Every line of the listing below from the one with "(总)恋佳居 2025新款高" up to and including the one with "von der Strecke!" should be retyped exactly, and nothing else; pictures are not part of the copy.

• **DATASET RECORDS**:
*** Begin section ***
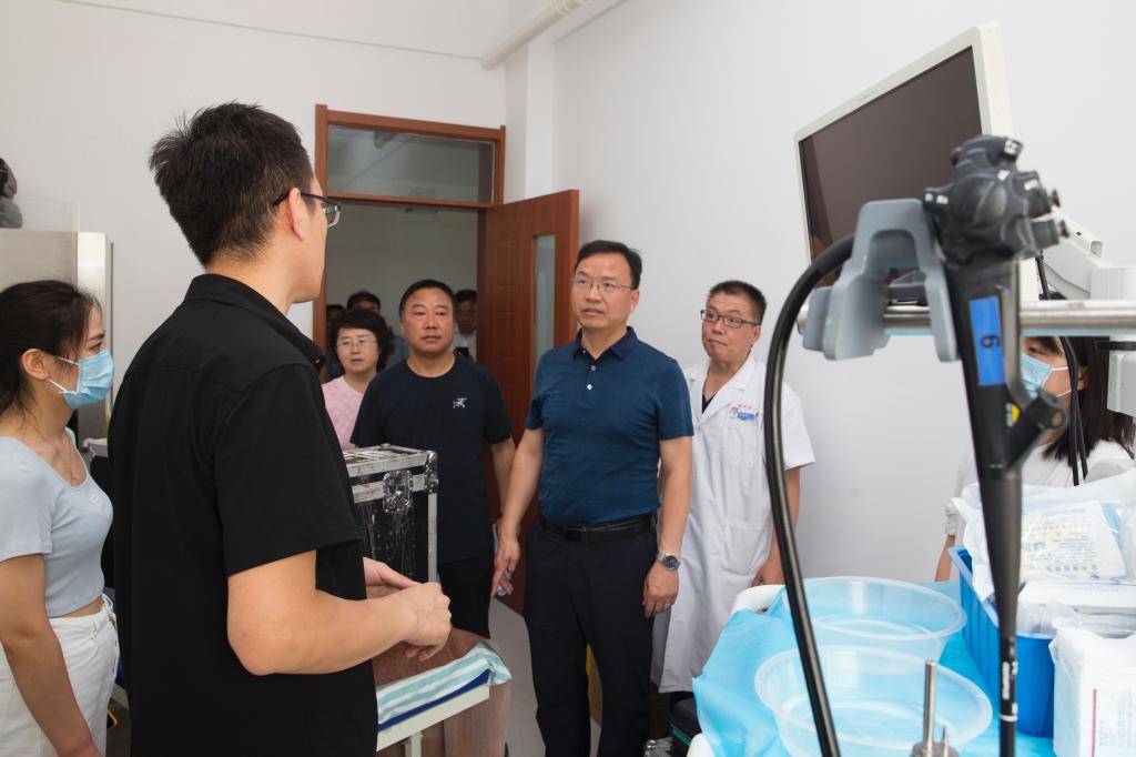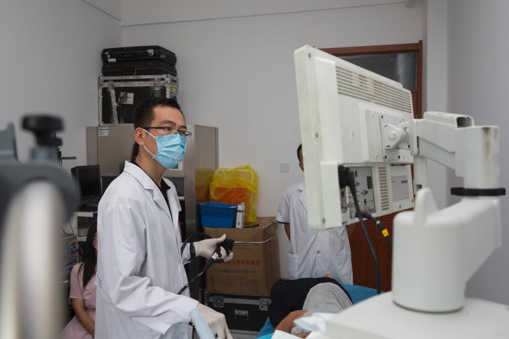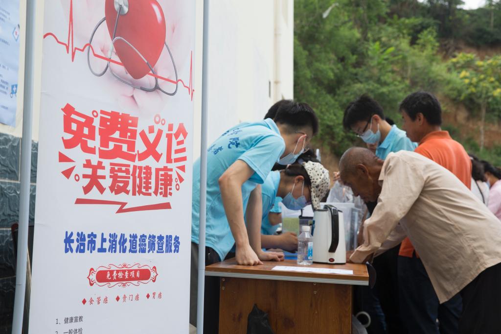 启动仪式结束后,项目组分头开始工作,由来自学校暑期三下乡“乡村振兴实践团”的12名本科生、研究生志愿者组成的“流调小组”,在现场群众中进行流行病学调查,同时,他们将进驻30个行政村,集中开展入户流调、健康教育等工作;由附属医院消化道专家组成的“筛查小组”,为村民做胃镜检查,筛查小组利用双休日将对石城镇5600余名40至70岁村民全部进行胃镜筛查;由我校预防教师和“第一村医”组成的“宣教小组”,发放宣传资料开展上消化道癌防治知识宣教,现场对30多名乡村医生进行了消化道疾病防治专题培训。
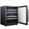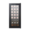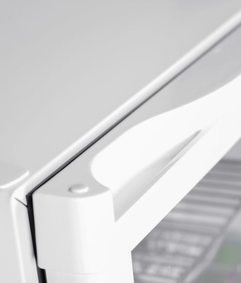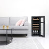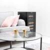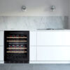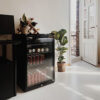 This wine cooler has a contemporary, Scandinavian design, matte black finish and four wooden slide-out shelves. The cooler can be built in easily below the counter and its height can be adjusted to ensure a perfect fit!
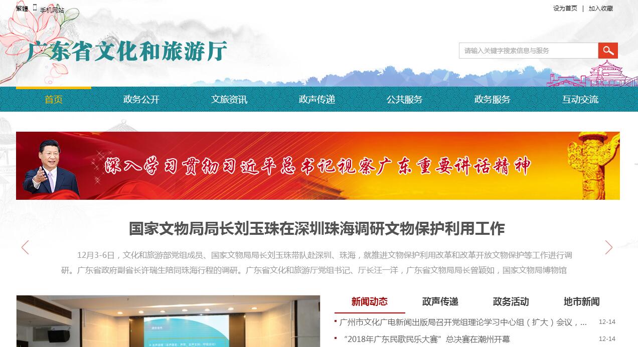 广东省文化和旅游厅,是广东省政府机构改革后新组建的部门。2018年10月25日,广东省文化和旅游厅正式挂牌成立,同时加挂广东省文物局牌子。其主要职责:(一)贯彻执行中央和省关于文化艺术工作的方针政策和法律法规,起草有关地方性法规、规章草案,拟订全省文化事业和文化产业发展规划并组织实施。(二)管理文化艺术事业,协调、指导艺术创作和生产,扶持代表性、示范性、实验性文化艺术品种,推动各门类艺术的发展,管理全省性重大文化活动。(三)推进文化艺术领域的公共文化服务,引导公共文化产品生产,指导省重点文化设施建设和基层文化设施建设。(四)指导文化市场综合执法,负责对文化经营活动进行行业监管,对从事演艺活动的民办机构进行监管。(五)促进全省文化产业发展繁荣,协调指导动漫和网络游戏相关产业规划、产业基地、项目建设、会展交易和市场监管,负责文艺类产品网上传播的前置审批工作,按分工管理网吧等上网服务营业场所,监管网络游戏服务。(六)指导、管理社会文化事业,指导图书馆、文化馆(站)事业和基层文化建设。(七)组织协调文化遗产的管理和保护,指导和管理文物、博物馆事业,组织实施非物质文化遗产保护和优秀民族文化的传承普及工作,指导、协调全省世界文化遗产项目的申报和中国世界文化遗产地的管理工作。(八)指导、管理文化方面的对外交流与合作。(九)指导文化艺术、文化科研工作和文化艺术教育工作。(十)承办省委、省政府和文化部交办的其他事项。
*** End section ***
*** Begin section ***
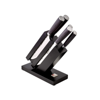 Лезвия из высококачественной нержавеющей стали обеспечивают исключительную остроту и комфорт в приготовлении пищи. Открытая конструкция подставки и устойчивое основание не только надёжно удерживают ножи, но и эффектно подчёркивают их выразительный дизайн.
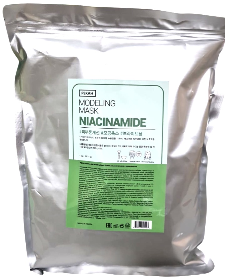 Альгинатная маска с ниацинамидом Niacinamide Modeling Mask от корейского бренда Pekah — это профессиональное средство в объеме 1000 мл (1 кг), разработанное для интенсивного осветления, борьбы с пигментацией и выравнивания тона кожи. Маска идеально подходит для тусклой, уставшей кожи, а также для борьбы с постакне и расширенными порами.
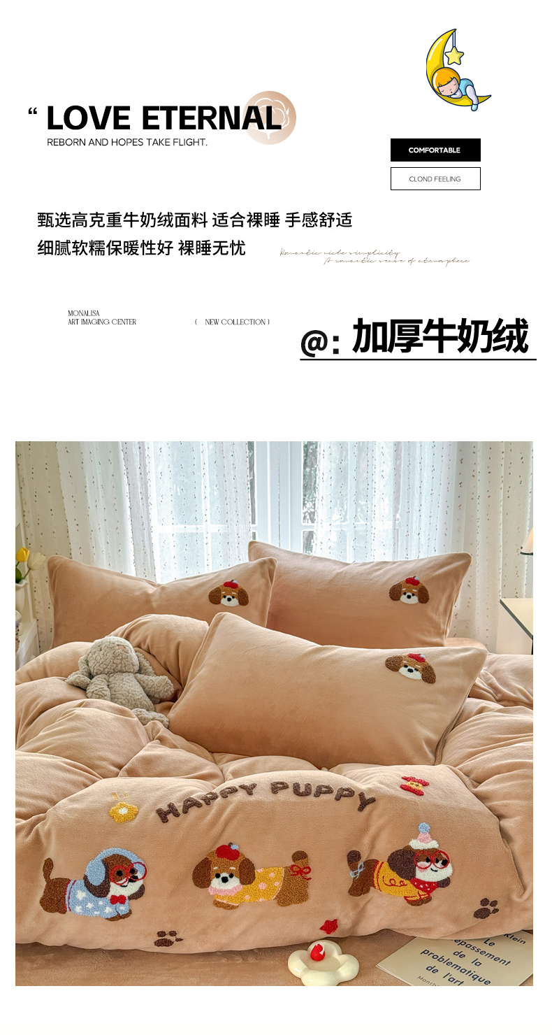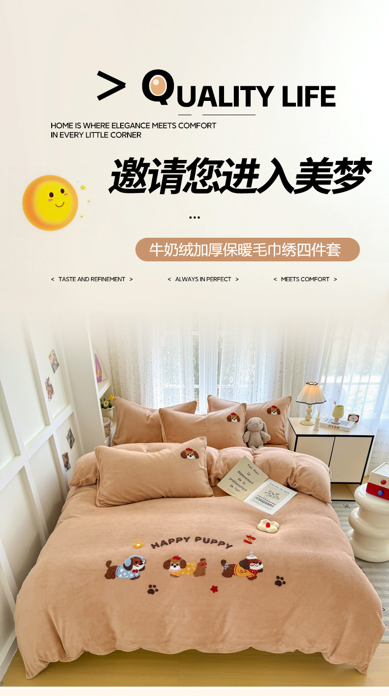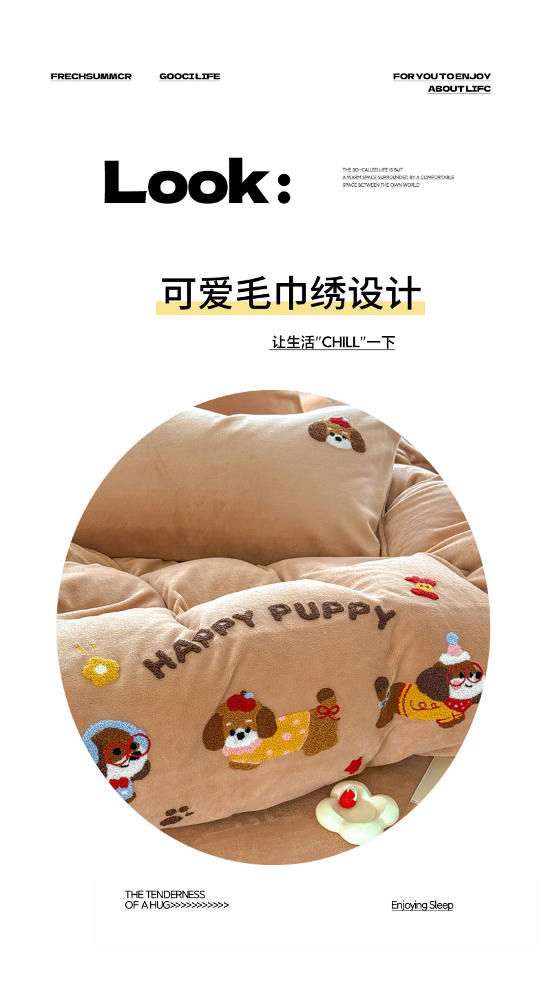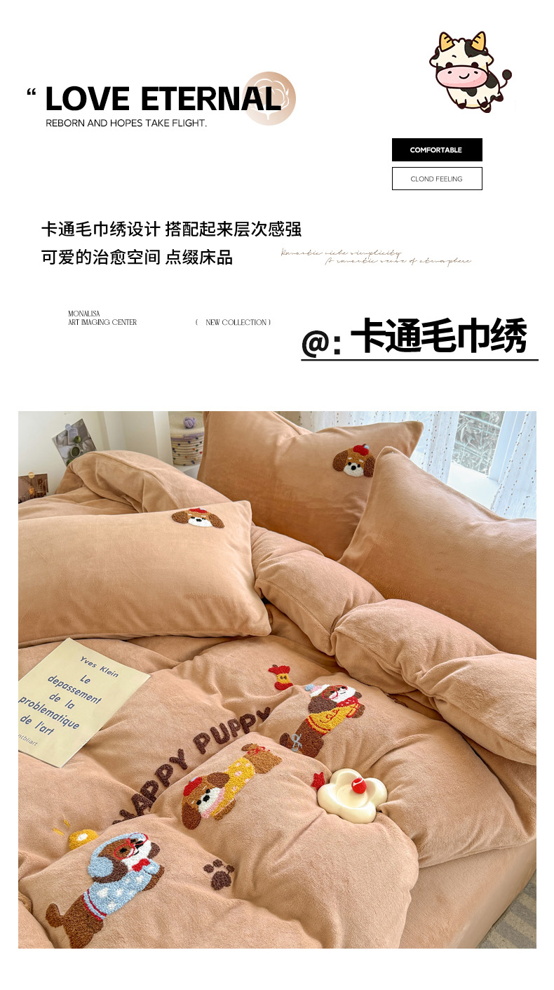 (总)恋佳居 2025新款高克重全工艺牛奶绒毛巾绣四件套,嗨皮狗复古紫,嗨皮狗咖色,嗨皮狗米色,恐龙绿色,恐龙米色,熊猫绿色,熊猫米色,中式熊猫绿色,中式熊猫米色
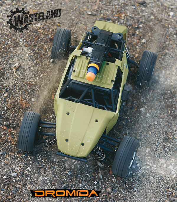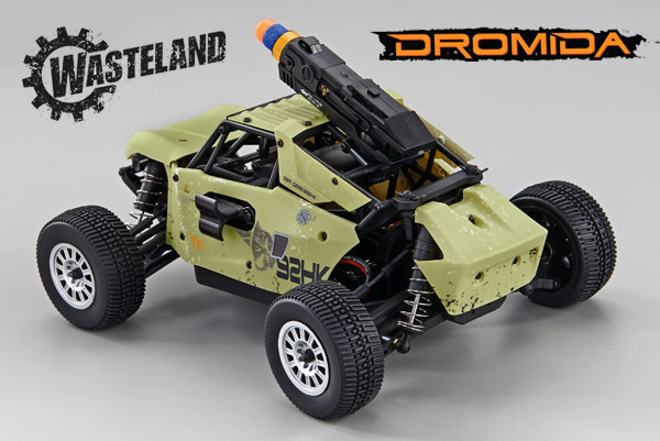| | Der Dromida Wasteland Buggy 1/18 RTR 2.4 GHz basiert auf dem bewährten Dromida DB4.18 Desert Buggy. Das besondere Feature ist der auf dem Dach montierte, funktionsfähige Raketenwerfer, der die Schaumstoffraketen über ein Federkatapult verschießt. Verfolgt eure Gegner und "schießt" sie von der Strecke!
*** End section ***
• **RESPONSE FOR THIS EXERCISE**:
 (总)恋佳居 2025新款高克重全工艺牛奶绒毛巾绣四件套,嗨皮狗复古紫,嗨皮狗咖色,嗨皮狗米色,恐龙绿色,恐龙米色,熊猫绿色,熊猫米色,中式熊猫绿色,中式熊猫米色
| | Der Dromida Wasteland Buggy 1/18 RTR 2.4 GHz basiert auf dem bewährten Dromida DB4.18 Desert Buggy. Das besondere Feature ist der auf dem Dach montierte, funktionsfähige Raketenwerfer, der die Schaumstoffraketen über ein Federkatapult verschießt. Verfolgt eure Gegner und "schießt" sie von der Strecke!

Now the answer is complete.